A cena nos corredores da ONU — dois presidentes trocando abraços e sorrisos rápidos — pode parecer espetáculo diplomático, mas não se iluda: é também aríete político! Depois de meses de sanções, tarifas e bravatas contra o Brasil, Donald Trump disse ter tido “ótima química” com Lula e chamou-o de “um cara legal”. Em menos de trinta segundos ficou combinado um encontro para a semana seguinte. Quem acreditaria? Pois é, a política externa voltou a ser palco de teatro e negociação, enquanto a direita tenta decifrar se ganhou terreno ou apenas ganhou cena.
O contexto e as verdades inconvenientes
Desde que Trump retornou à Casa Branca, o relacionamento bilateral entrou numa escalada hostil: tarifas de 50% sobre produtos brasileiros, sanções pela Lei Magnitsky que chegaram até à família do ministro Alexandre de Moraes, revogação de vistos a autoridades brasileiras e uma retórica de afronta ao Supremo. A condenação de Jair Bolsonaro a 27 anos só inflou a tempestade. Os EUA atacam instituições brasileiras e depois fingem surpresa quando o país se defende. E o que faz a direita brasileira? Aplaude a humilhação internacional enquanto vota a favor de privatizações e entrega recursos estratégicos aos barões do capitalismo!
“Foi a primeira vez em que Donald Trump mencionou publicamente o nome de Lula — salvo melhor juízo — e isso ocorreu em um ambiente de grande visibilidade. Além disso, a referência foi mais elogiosa do que crítica, mais positiva do que negativa”, disse Dawisson Belém Lopes, professor de Relações Internacionais da UFMG. “Mas é claro que isso não desfaz todo o problema diplomático que Trump construiu diligentemente desde que assumiu a Casa Branca. Há um acúmulo de tensões que precisará ser processado.”
O que há de clara nessa foto instantânea é a tentativa americana de reencaixar o Brasil num tabuleiro que favoreça interesses comerciais e geopolíticos. Trump joga personalismo bruto, promete diálogo e mantém políticas que prejudicam nossa soberania. Lula, por sua história e política, não é um carteiro da diplomacia neoliberal: não haverá rendição a pressões externas nem submissão a interesses corporativos.
O encontro e o que pode vir
Especialistas avisam: diálogo nem sempre significa conciliação de princípios. “É impossível saber o que vai sair dessa negociação. Mas o simples fato de abrir um diálogo já é relevante. Permite estabelecer uma relação pessoal entre os dois e identificar onde há espaço para compromissos, seja no campo comercial, seja na disputa em torno das sanções contra autoridades brasileiras”, afirmou Oliver Stuenkel, da FGV. Por outro lado, Lucas Leite, da FAAP, lembra o caráter volátil da jogada trumpista: “Duvido que qualquer negociação envolvendo Trump siga os padrões normais da diplomacia ou respeite regras multilaterais.

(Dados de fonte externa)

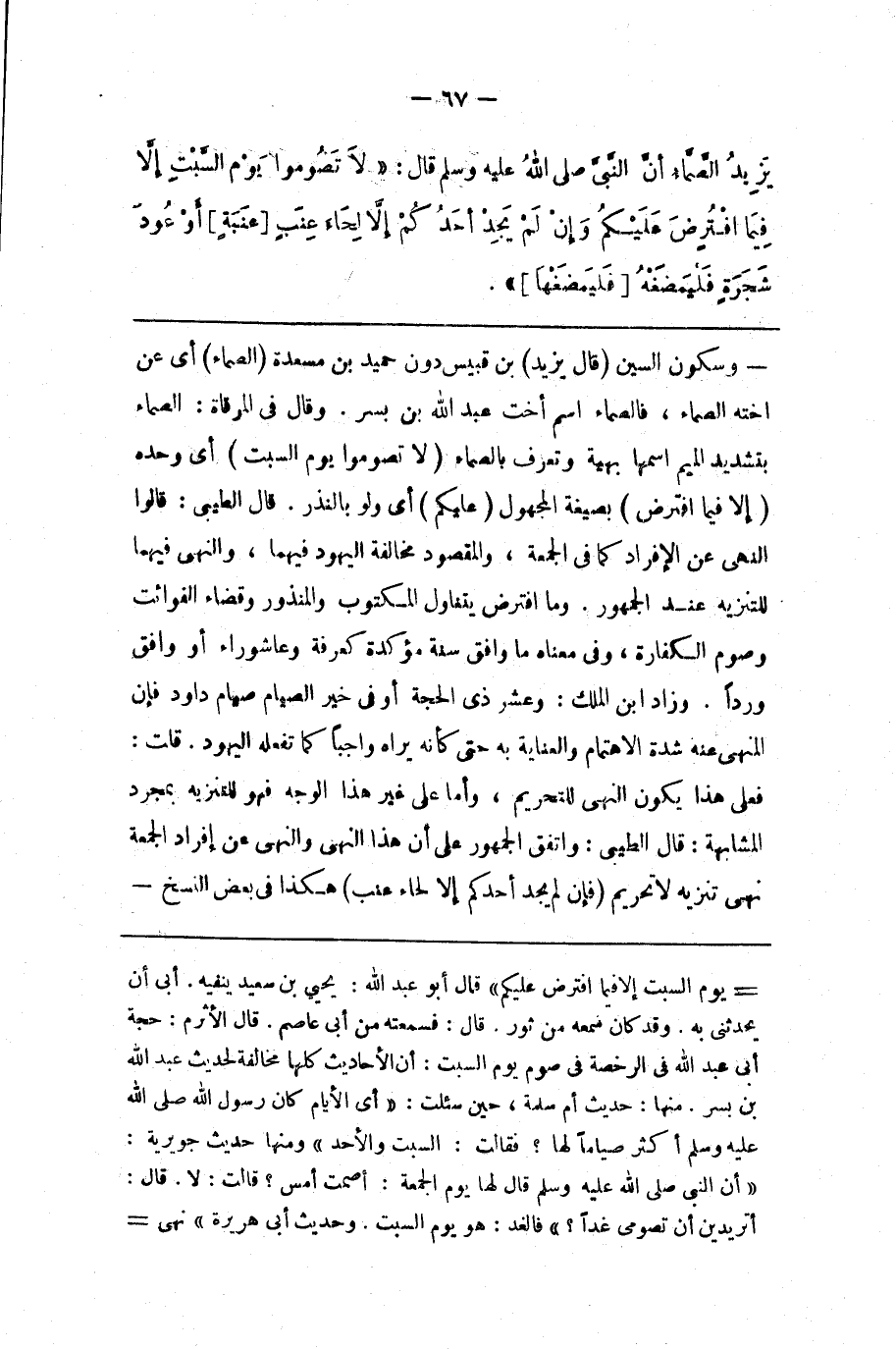 قال الأثرم حجة أبي عبد الله في الرخصة في صوم يوم السبت أن الأحاديث كلها مخالفة لحديث عبد الله بن بسر
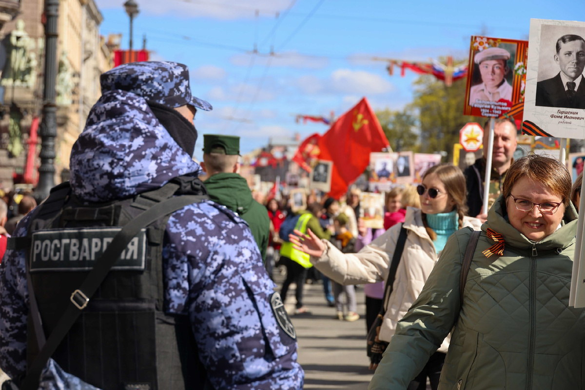 9 мая в Санкт-Петербурге сотрудники и военнослужащие Главного управления Росгвардии по г.Санкт-Петербургу и Ленинградской области, а также военнослужащие Северо-Западного округа войск национальной гвардии РФ совместно с другими правоохранителями обеспечили охрану общественного порядка и общественной безопасности во время проведения массовых мероприятий, посвящённых 80-летию Победы советского народа в Великой Отечественной войне.
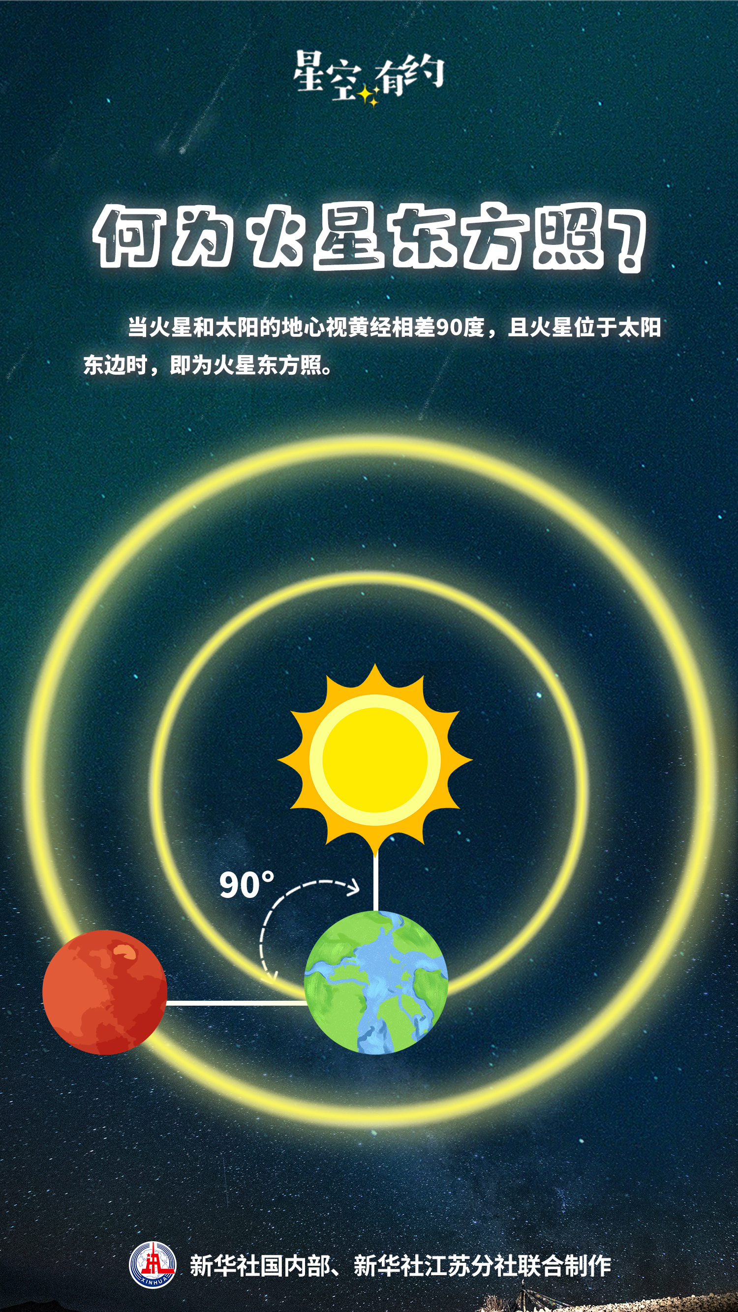 中国科学院紫金山天文台科普主管王科超介绍,当火星和太阳的地心视黄经相差90度,且火星位于太阳东边时,即为火星东方照。“如果俯视太阳系的平面,此时会看到太阳、地球、火星形成了一个直角,地球处于直角的顶点。”
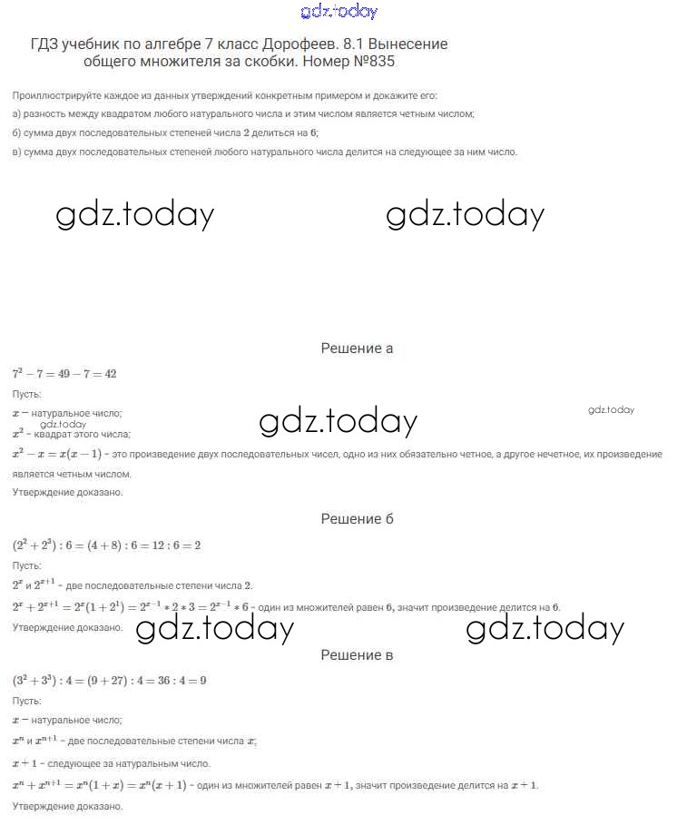 На страницах сайта gdz.today вы найдете учебный и вспомогательный материал, направленный на улучшения знаний школьной программы. ГДЗ - онлайн мир знаний Решение к упражнениям 835 Учебнику по Алгебре для 7 класса Дорофеев, Суворова Просвещение Академический школьный учебник 2020
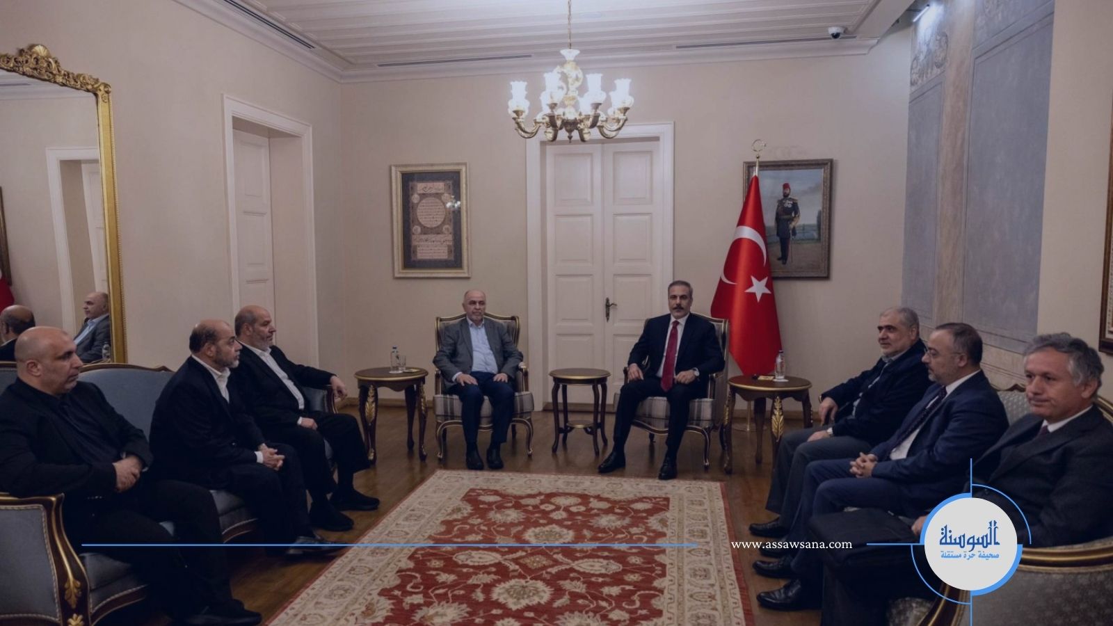 وخلال الاجتماع، قدم فيدان تعازيه لمسؤولي حماس في مقتل رئيس مكتبها السياسي يحيى السنوار، إثر هجوم إسرائيلي بقطاع غزة.
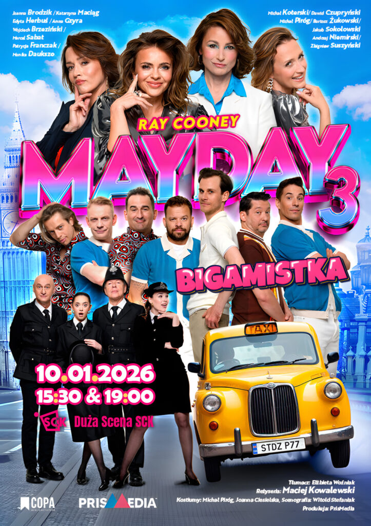 Niesamowicie zabawne sytuacje zaprowadzą nas do rozwiązania tej zagadki. Mayday Bigamistka to znakomita, dynamiczna komedia Raya Cooneya w kongenialnej adaptacji Michaela Barfoota, w tłumaczeniu Elżbiety Woźniak i w reżyserii Macieja Kowalewskiego, znanego widzom z reżyserii kultowych spektakli: The Strings czy Kolejny wieczór kawalerski.
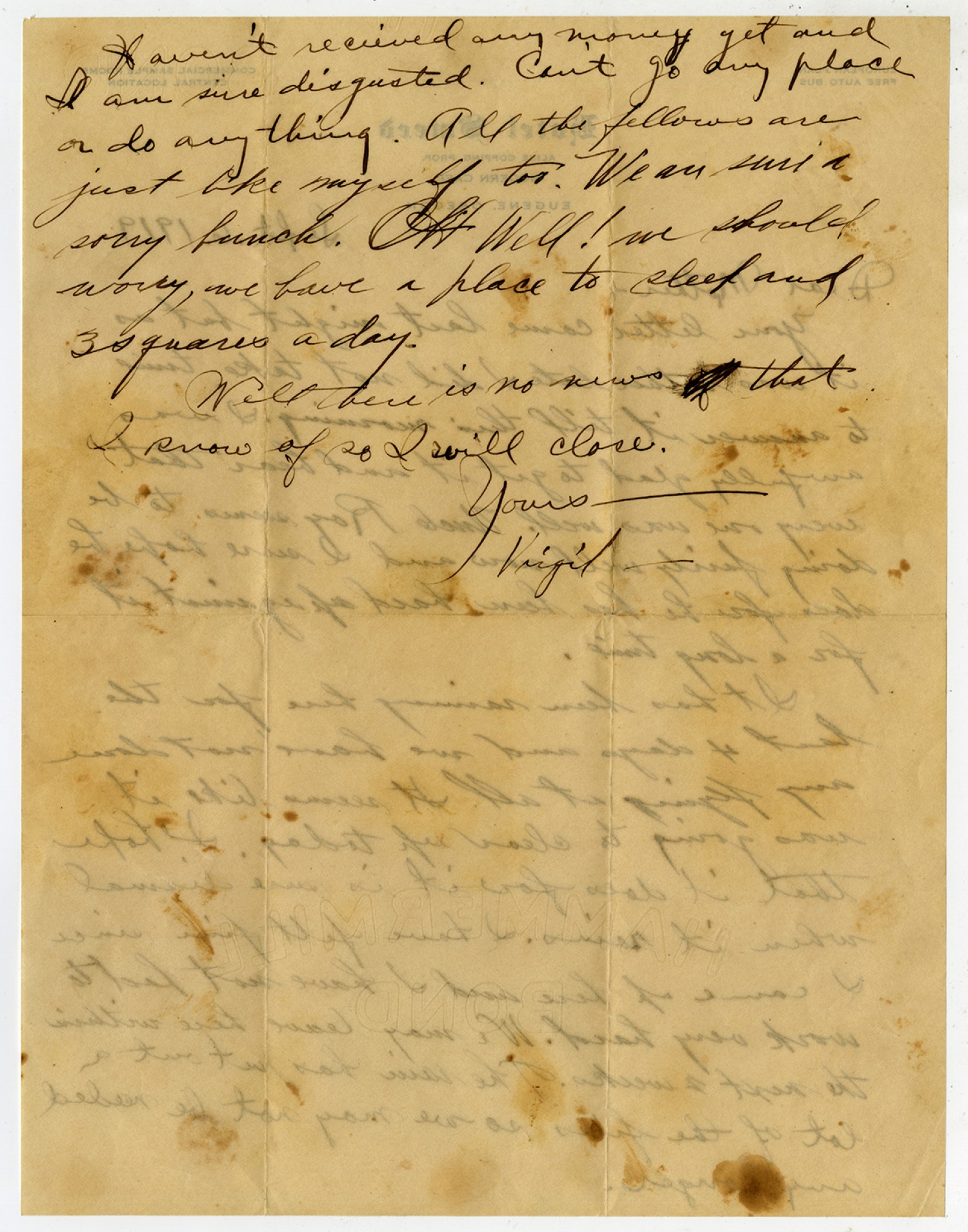Haven’t received any money yet and I am sure disgusted. Can’t go any place or do anything. All the fellows are just like myself too. We are sure a sorry bunch. Oh Well! We should worry, we have a place to sleep and 3 squares a day. Well there is no news that I know of so I will close. Yours Virgil.
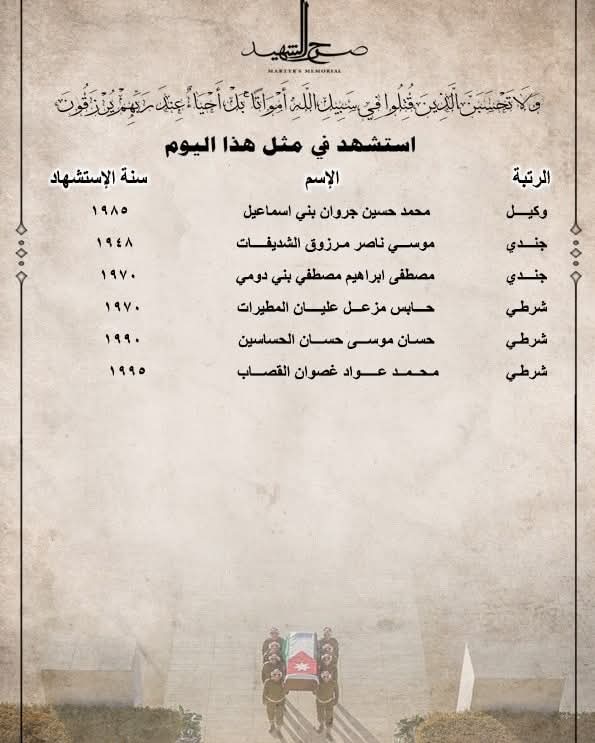 يظل صرح الشهيد شاهدًا خالدًا على عظمة التضحيات التي قدمها أبناء الأردن، الذين ارتقوا دفاعًا عن الوطن وحماية لترابه الطهور.  هذا الصرح ليس مجرد بناء حجري، بل هو رمز للعزة والكرامة، وذاكرة وطنية تحفظ أسماء الرجال الذين رووا الأرض بدمائهم الزكية. في رحاب صرح الشهيد، تلتقي الأجيال لتقرأ على جدرانه حكايات المجد، وتستذكر أسماء أبطالٍ عاشوا أوفياء ومضوا شهداء، لتبقى ذكراهم حيّة في قلب الوطن.  فهم الأحياء عند ربهم يُرزقون، وهم حماة الديار الذين سطروا بأرواحهم ملحمة الفداء. وقد ارتقى في سبيل الله والوطن شهداء من مختلف الرتب والميادين، ليجسدوا معنى الانتماء الصادق والولاء الراسخ، ومنهم:
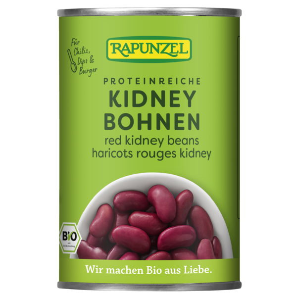 Haricots rouges Kidney prêts à l'emploi pour une cuisine bio rapide. On évite le temps de trempage et de cuisson puisque les haricots ont déjà été précuits doucement. Avec leur léger goût de noisette et leur saveur sucrée, les haricots Kidney se marient parfaitement avec les préparations épicées mais ils peuvent également être utilisés dans les pâtisseries.
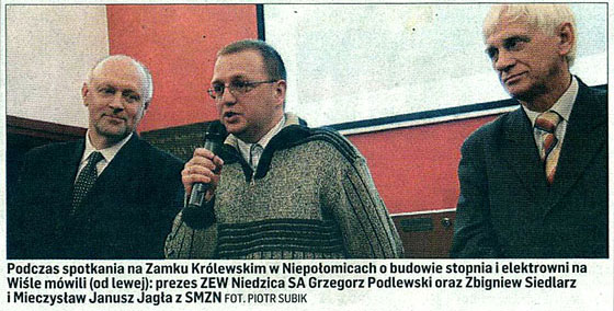 Na spotkanie zaproszono też przedstawiciela Zespołu Elektrowni Wodnych Niedzica SA, który wyraził zainteresowanie budową małej elektrowni wodnej na Wiśle.
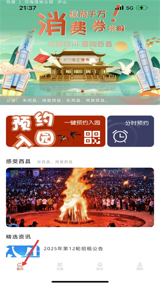 1、 首頁有政務府千萬消費券領取入口,可預約入園,展示感受西昌的活動場景與精選資訊。
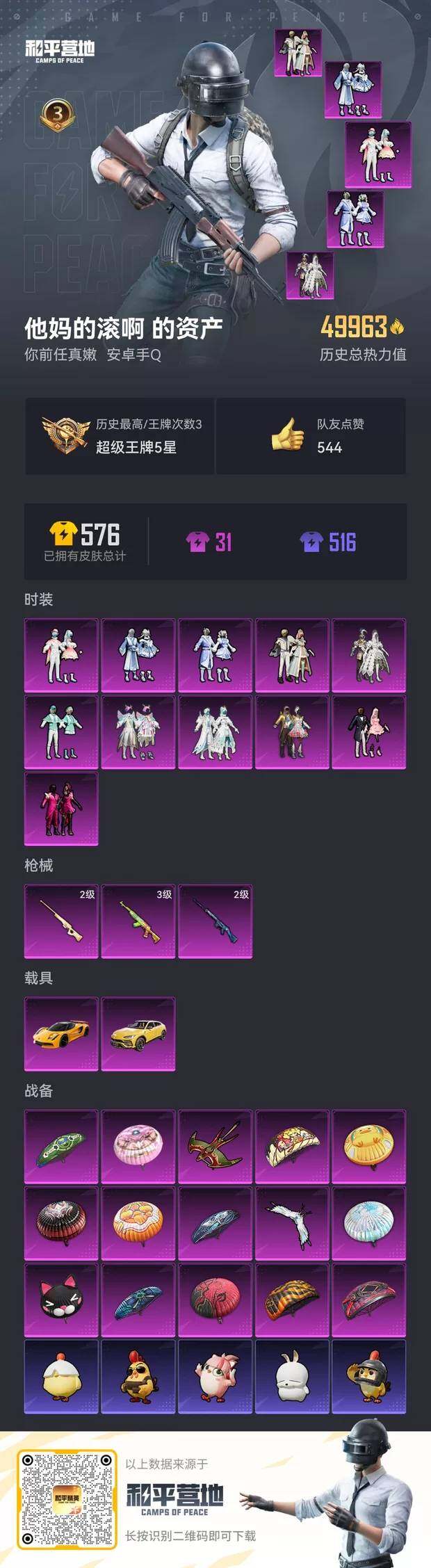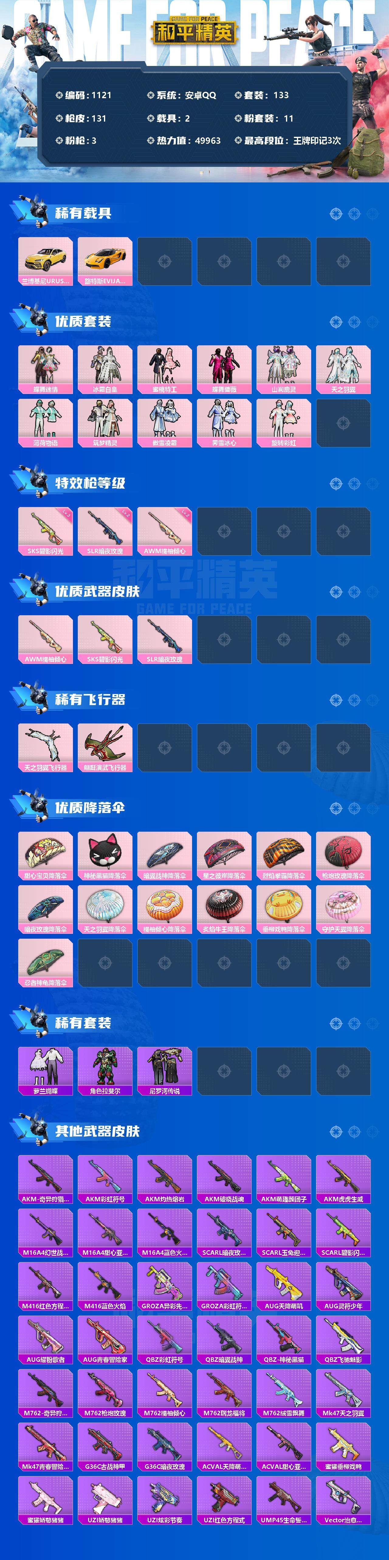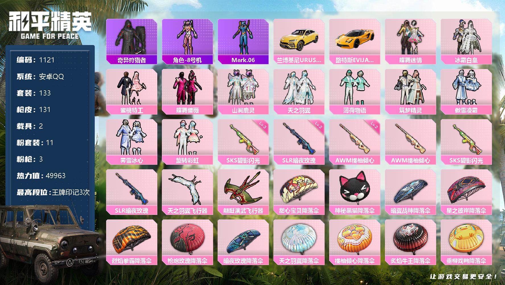 [12680250]安卓 手Q-11粉装-3特效枪-2载具-2粉色飞行器-49963热力值-3王牌印记-133套装-131枪皮

É mais provável que haja algum tipo de discussão bilateral sobre tarifas…”
Paulo Velasco, da Uerj, faz o alerta prático: “Se o encontro não acontecer, o Brasil pode ser culpado por não dialogar; se acontecer e houver algum acerto, Trump poderá vendê-lo como vitória, alegando que o país cedeu e se curvou.” E Anthony Pereira, da Universidade Internacional da Flórida, toca no simbolismo: “Se o gesto de Trump for sincero, isso significa que os líderes vão se encontrar e pode haver alguma negociação sobre tarifas e sobre a aplicação da Lei Magnitsky. Além disso, coloca Lula numa posição mais forte…”
No discurso da ONU, Lula foi claro: “Diante dos olhos do mundo, demos um recado a todos os candidatos a autocratas e àqueles que os apoiam: nossa democracia e nossa soberania são inegociáveis”, declarou. É raro ver tamanho recado de soberania e compromisso social num palco mundial, enquanto do outro lado o showman da direita renega ciência climática e solapa instituições.
A foto do aperto de mão e do “cara legal” não apaga a tentativa imperial de cercear nossa autonomia. O encontro pode abrir espaço para ajustes comerciais — necessários para proteger trabalhadores e preços internos —, mas jamais será justificativa para capitulações. Lula e o campo popular devem negociar com firmeza: defender estatais, recusar ingerências e garantir que quaisquer acordos não sacrifiquem soberania ou programas sociais. A direita chora por influência; nós, que queremos um Brasil soberano e solidário, seguimos de olhos abertos e punhos cerrados.